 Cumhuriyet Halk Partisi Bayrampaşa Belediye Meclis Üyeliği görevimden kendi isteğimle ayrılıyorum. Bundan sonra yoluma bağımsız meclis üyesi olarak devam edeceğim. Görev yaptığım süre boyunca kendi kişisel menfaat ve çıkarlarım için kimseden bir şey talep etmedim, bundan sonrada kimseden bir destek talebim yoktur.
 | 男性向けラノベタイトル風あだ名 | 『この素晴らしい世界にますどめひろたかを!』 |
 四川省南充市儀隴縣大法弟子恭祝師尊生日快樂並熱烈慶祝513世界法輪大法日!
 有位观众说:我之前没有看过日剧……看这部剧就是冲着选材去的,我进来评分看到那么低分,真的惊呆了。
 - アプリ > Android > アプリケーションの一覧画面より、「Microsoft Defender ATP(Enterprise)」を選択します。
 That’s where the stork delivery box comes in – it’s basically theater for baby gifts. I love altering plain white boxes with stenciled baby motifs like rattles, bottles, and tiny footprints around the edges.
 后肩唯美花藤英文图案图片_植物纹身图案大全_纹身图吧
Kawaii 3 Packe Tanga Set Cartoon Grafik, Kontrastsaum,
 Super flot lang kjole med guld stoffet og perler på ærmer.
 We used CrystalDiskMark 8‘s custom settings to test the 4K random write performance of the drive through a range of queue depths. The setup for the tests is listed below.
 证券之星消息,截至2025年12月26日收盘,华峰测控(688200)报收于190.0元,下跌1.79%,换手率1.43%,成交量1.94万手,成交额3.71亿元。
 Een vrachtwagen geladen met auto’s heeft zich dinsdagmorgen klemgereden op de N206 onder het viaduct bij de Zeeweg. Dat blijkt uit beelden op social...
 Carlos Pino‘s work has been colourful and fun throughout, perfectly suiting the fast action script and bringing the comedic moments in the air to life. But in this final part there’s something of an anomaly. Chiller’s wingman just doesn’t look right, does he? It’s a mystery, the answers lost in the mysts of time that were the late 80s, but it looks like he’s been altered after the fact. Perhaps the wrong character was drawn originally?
------------------------------
§ **ACTIVITY**: The lines to reproduce run from the line containing "男性向けラノベタイトル風あだ名 | 『この素晴らしい世界にますどめひろたかを!』 |" to the end of the listing; write them out exactly and add nothing.

§ **OUTPUT BELOW**:
 | 男性向けラノベタイトル風あだ名 | 『この素晴らしい世界にますどめひろたかを!』 |
 四川省南充市儀隴縣大法弟子恭祝師尊生日快樂並熱烈慶祝513世界法輪大法日!
 有位观众说:我之前没有看过日剧……看这部剧就是冲着选材去的,我进来评分看到那么低分,真的惊呆了。
 - アプリ > Android > アプリケーションの一覧画面より、「Microsoft Defender ATP(Enterprise)」を選択します。
 That’s where the stork delivery box comes in – it’s basically theater for baby gifts. I love altering plain white boxes with stenciled baby motifs like rattles, bottles, and tiny footprints around the edges.
 后肩唯美花藤英文图案图片_植物纹身图案大全_纹身图吧
Kawaii 3 Packe Tanga Set Cartoon Grafik, Kontrastsaum,
 Super flot lang kjole med guld stoffet og perler på ærmer.
 We used CrystalDiskMark 8‘s custom settings to test the 4K random write performance of the drive through a range of queue depths. The setup for the tests is listed below.
 证券之星消息,截至2025年12月26日收盘,华峰测控(688200)报收于190.0元,下跌1.79%,换手率1.43%,成交量1.94万手,成交额3.71亿元。
 Een vrachtwagen geladen met auto’s heeft zich dinsdagmorgen klemgereden op de N206 onder het viaduct bij de Zeeweg. Dat blijkt uit beelden op social...
 Carlos Pino‘s work has been colourful and fun throughout, perfectly suiting the fast action script and bringing the comedic moments in the air to life. But in this final part there’s something of an anomaly. Chiller’s wingman just doesn’t look right, does he? It’s a mystery, the answers lost in the mysts of time that were the late 80s, but it looks like he’s been altered after the fact. Perhaps the wrong character was drawn originally?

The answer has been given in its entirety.